Ein Punkt ist mir im vorliegenden Gesamtpaket besonders wichtig: Der Studiengang Sonderpädagogik, der an der Europauni Flensburg angeboten wird. Wie Sie wissen, wird das Studium inhaltlich an die schulische Anforderungen angepasst. Die Eigenständigkeit des Lehramtes für Sonderpädagogik bleibt damit erhalten und die Ausbildung wird ganzheitlich ausgerichtet. Das Fundament bildet ein breites Basiswissen über alle Schwerpunkte. Danach folgt die Spezialisierung auf zwei pädagogische Fachrichtungen. Darüber hinaus - und das ist eine ganz wesentliche Neuerung - werden die künftigen Lehrkräfte für Sonderpädagogik in die Lage versetzt, in einem allgemeinbildenden Fach eigenständig zu unterrichten. Wir begrüßen, dass wir mit diesen Neuerungen im Bereich Sonderpädagogik insgesamt nicht nur rein zahlenmäßig, sondern durch die fachliche Breite vor allem auch qualitativ ein gutes Stück vorankommen.
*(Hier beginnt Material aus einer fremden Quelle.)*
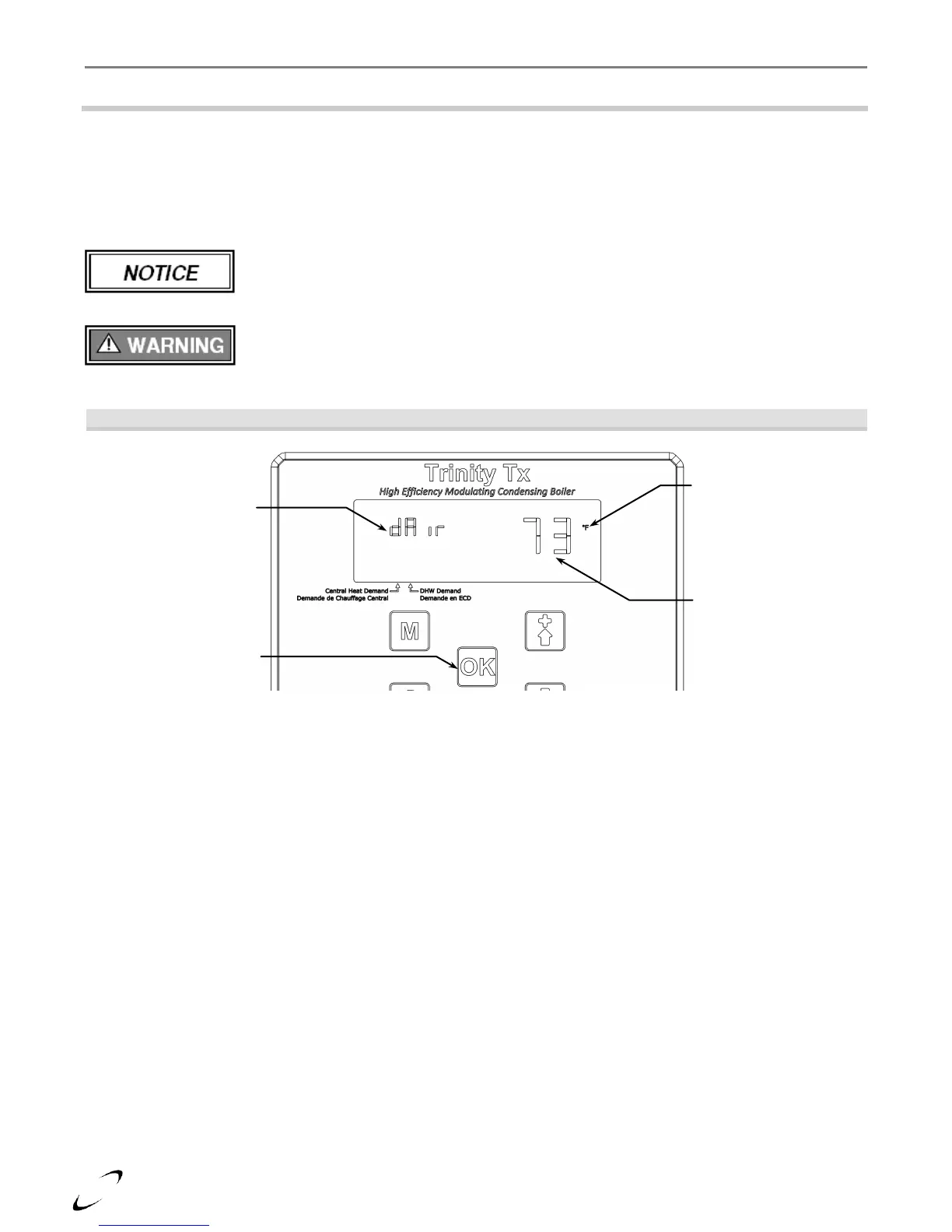 demand (CH or DHW), burner status and outdoor reset function. See Figure 17-2 for more details.

Lassen Sie mich abschließend eins ganz deutlich sagen: Wir sehen die klare Verantwortung für unsere Hochschulen und wir kommen dieser auch nach. Maßnahmen wie das Sondervermögen, die massiven Investitionen in die Hochschul-Infrastruktur, die Übernahme von Tarifsteigerungen oder auch die Auflösung des Sanierungsstaus am UKSH durch das ÖPP-Modell sprechen eine klare Sprache. Und weil wir die Schärfung der individuellen Profile weiter voranbringen wollen, brauchen wir schon allein deshalb eine verlässliche finanzielle Grundlage. Wie erwähnt, werden hier landespolitische Maßnahmen allein vermutlich nicht ausreichen. Deshalb wollen wir auch die Spielräume, die durch die Lockerung des Kooperationsverbotes entstehen, gemeinsam mit Bund und Hochschulen optimal nutzen.